The commander, identified only as "Saddaam," was killed during a shootout in the tribal area of Khyber and is suspected of facilitating the school attack and other recent bombings.
Photo by AP/Mohammad Sajjad

Troops in Pakistan took out a key Taliban leader in the country's tribal region near the Afghan border on Thursday, killing the suspected mastermind behind the December school attack in the northwestern city of Peshawar that left 132 children dead, according to local officials.

The slain commander was identified as "Saddam," and was killed by Pakistani forces during a shootout in the tribal area of Khyber — which borders nearby Peshawar — according to local government official Shahab Ali Shah.


Speaking to journalists in Peshawar, Shah said officials had "credible reports" indicating Saddam had facilitated the school attack, adding that he was also the mastermind of other attacks throughout Pakistan.
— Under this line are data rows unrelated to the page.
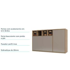 Armário Aéreo 120 Cm 1 Porta De Abrir 1 Porta Basculante E Nicho Superior Mel Luciane Móveis Vanilla Com Graff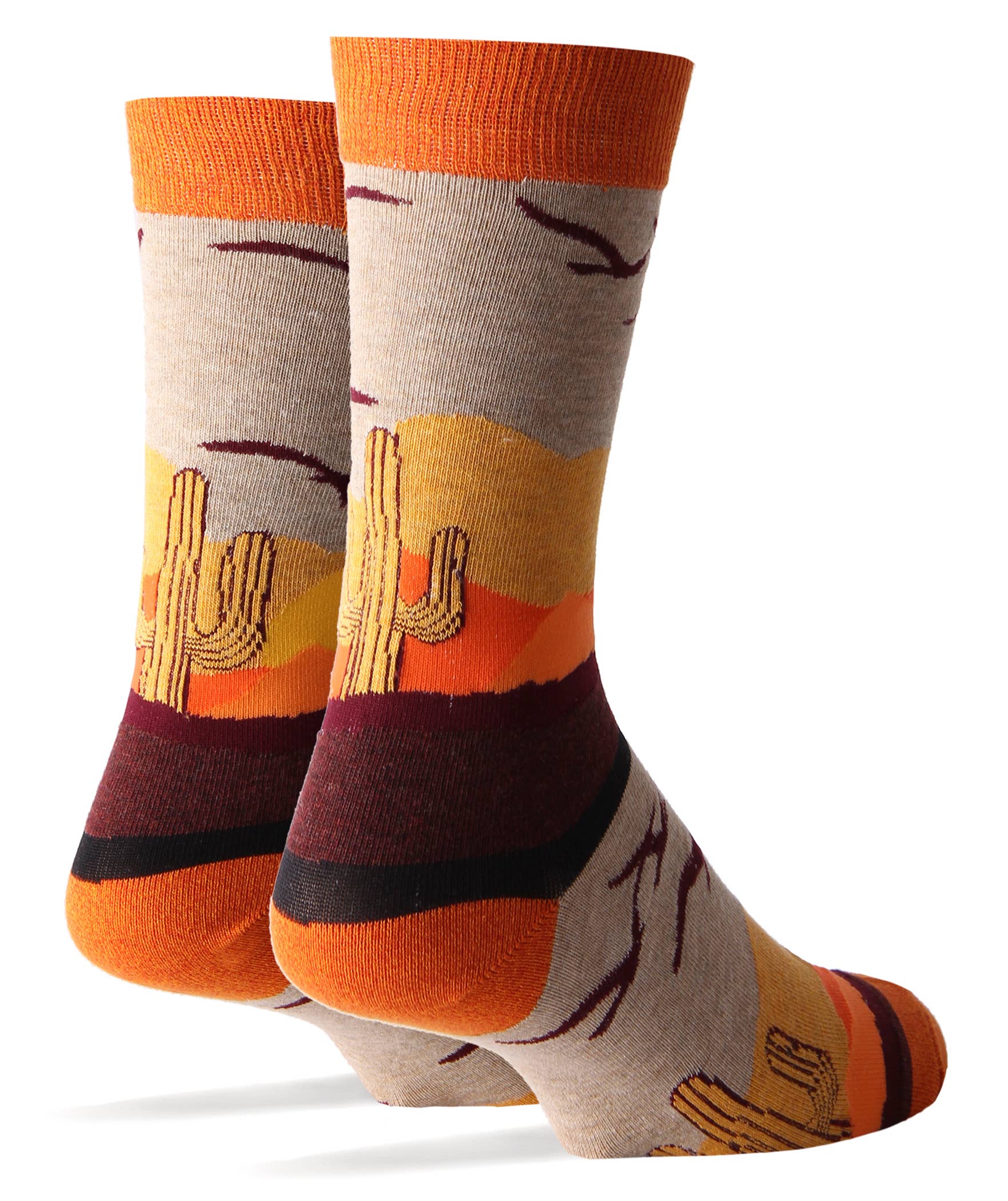 Desert Sky | Men's Premium Cotton Crew Socks - Rock a laid-back vibe with these premium cotton crew socks inspired by desert landscapes. Designed for the modern man who appreciates comfort without compromising on style, these socks deliver all-day softness and breathability. The eye-catching desert-themed pattern adds personality to your everyday look, whether you're kicking back at home or out exploring. Step into comfort that's as cool as the desert breeze!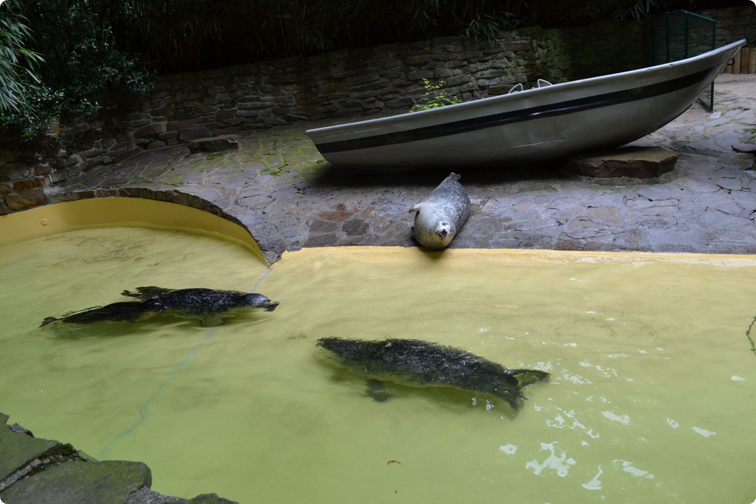 Duisburgban két fókafaj is bemutatásra kerül, mind a kettő rendszeresen szaporodik az állatkertben. Sajnos az állatok víz alatti mozgásának megtekintésére egyik medencénél sincs lehetőség. A borjúfókák egyike teljesen vak: a legöregebb példánynak sajnos egy műtét során mindkét szemét el kellett távolítani egészségének megőrzése érdekében. Az öreg nőstény kissé bizarr látványt nyújt és láthatóan óvatosabban közlekedik társainál. A gyűjtemény másik fókafaja a kaliforniai oroszlánfóka (Zalophus californianus). Duisburgban mindkét fajjal naponta tartanak bemutatókat.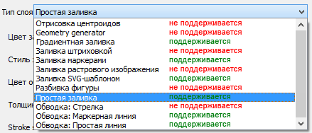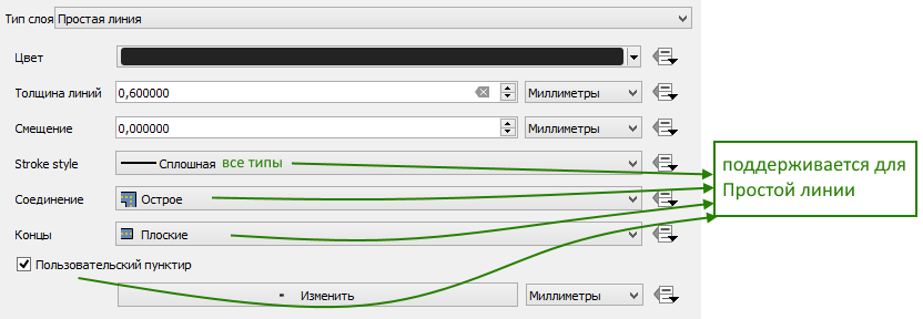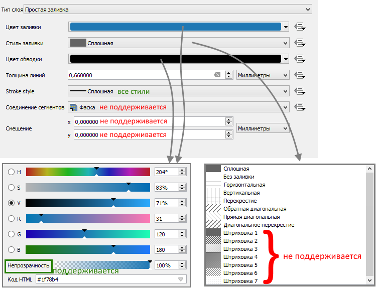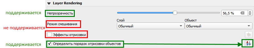 поддерживает некоторые параметры отрисовки для всего слоя, заданные на уровне картографического проекта в QGIS, см.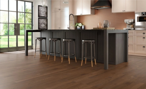 Mercier - Design Plus Select and Better Engineered 5 3/4 Red Oak Gunstock Satin Random 12-84 in. L x 5 in. W Hardwood Flooring (22 sq. ft./box)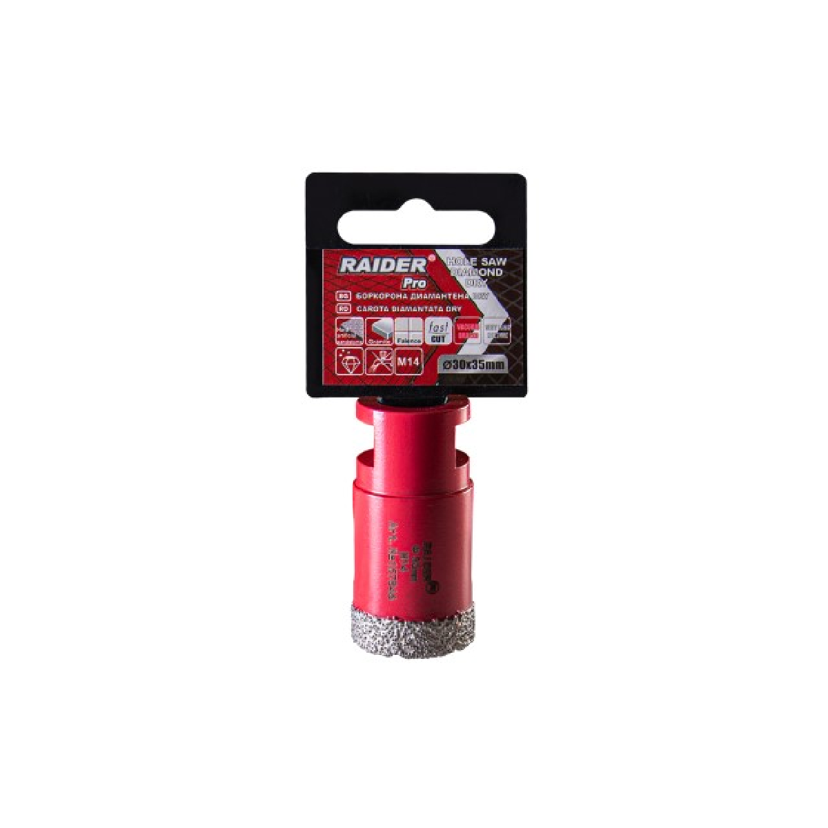 Το ποτηροτρύπανι διαμαντέ M14 της RAIDER, με διάμετρο κοπής 30mm, εαποτελεί ιδανική επιλογή για ακριβείς κοπές σε διάφορα υλικά.

"Commander Saddam was a dreaded terrorist, who was killed in an exchange of fire with the security forces in Jamrud town of Khyber tribal region," Shah said, noting during the press conference how deeply Saddam was involved in the December 16 Peshawar attack was unknown.

An interview with a survivor of the Peshawar massacre. Watch it here.

Six other accomplices were also taken into custody during the Khyber raid. "Authorities are currently interrogating the injured terrorists," Shah told reporters.

Saddam is believed to be the commander of the Tariq Gedar faction, part of the Pakistani Taliban's larger Tehreek-e-Taliban (TTP) group. Shah said he was also responsible for several recent bombings and deadly ambushes at Pakistani security forces. While officials accuse Saddam of coordinating the school massacre, Umar Mansoor allegedly made the orders for the attack for TTP head Maulana Fazlullah.

Specifically, Saddam is suspected of facilitating a deadly 2013 attack on volunteers working on a polio immunization campaign in the country.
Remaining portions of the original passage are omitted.